🤖 AI Summary
To address the low quality and weak evaluation capability of automatically generated unit tests, this paper proposes UTRL, a framework based on adversarial reinforcement learning that jointly trains two large language models (e.g., Qwen3-4B) in complementary roles: one as a test generator and the other as a discriminator. The discriminator employs a novel reward function integrating code execution feedback and defect detection capability to guide iterative refinement of test cases. Compared to supervised fine-tuning and GPT-4.1, UTRL achieves significant improvements in both fault detection rate and test assessment accuracy, with generated tests approaching human-written quality. This work is the first to introduce an adversarial co-evolutionary mechanism into LLM-driven unit test generation, enabling joint optimization of test generation and evaluation capabilities. It establishes a new paradigm for trustworthy verification of AI-generated code.
📝 Abstract
Unit testing is a core practice in programming, enabling systematic evaluation of programs produced by human developers or large language models (LLMs). Given the challenges in writing comprehensive unit tests, LLMs have been employed to automate test generation, yet methods for training LLMs to produce high-quality tests remain underexplored. In this work, we propose UTRL, a novel reinforcement learning framework that trains an LLM to generate high-quality unit tests given a programming instruction. Our key idea is to iteratively train two LLMs, the unit test generator and the code generator, in an adversarial manner via reinforcement learning. The unit test generator is trained to maximize a discrimination reward, which reflects its ability to produce tests that expose faults in the code generator's solutions, and the code generator is trained to maximize a code reward, which reflects its ability to produce solutions that pass the unit tests generated by the test generator.
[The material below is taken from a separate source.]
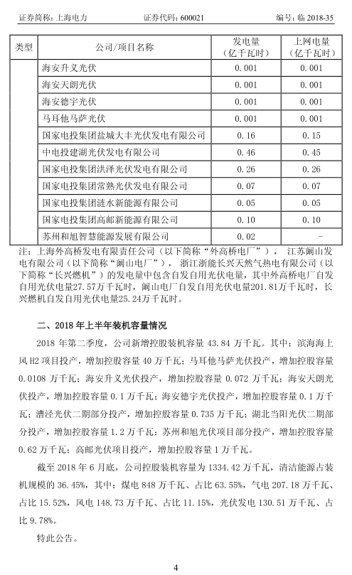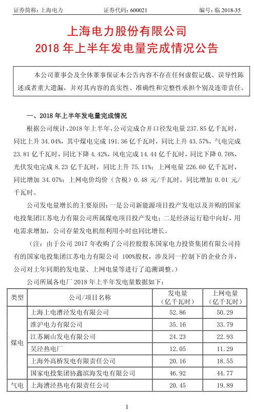 近日,國(guó)家電投旗下上市公司上海電力發(fā)布了2018年上半年發(fā)電量完成情況等經(jīng)營(yíng)性數(shù)據(jù),詳情如下:

In our experiments, we demonstrate that unit tests generated by Qwen3-4B trained via UTRL show higher quality compared to unit tests generated by the same model trained via supervised fine-tuning on human-written ground-truth unit tests, yielding code evaluations that more closely align with those induced by the ground-truth tests. Moreover, Qwen3-4B trained with UTRL outperforms frontier models such as GPT-4.1 in generating high-quality unit tests, highlighting the effectiveness of UTRL in training LLMs for this task.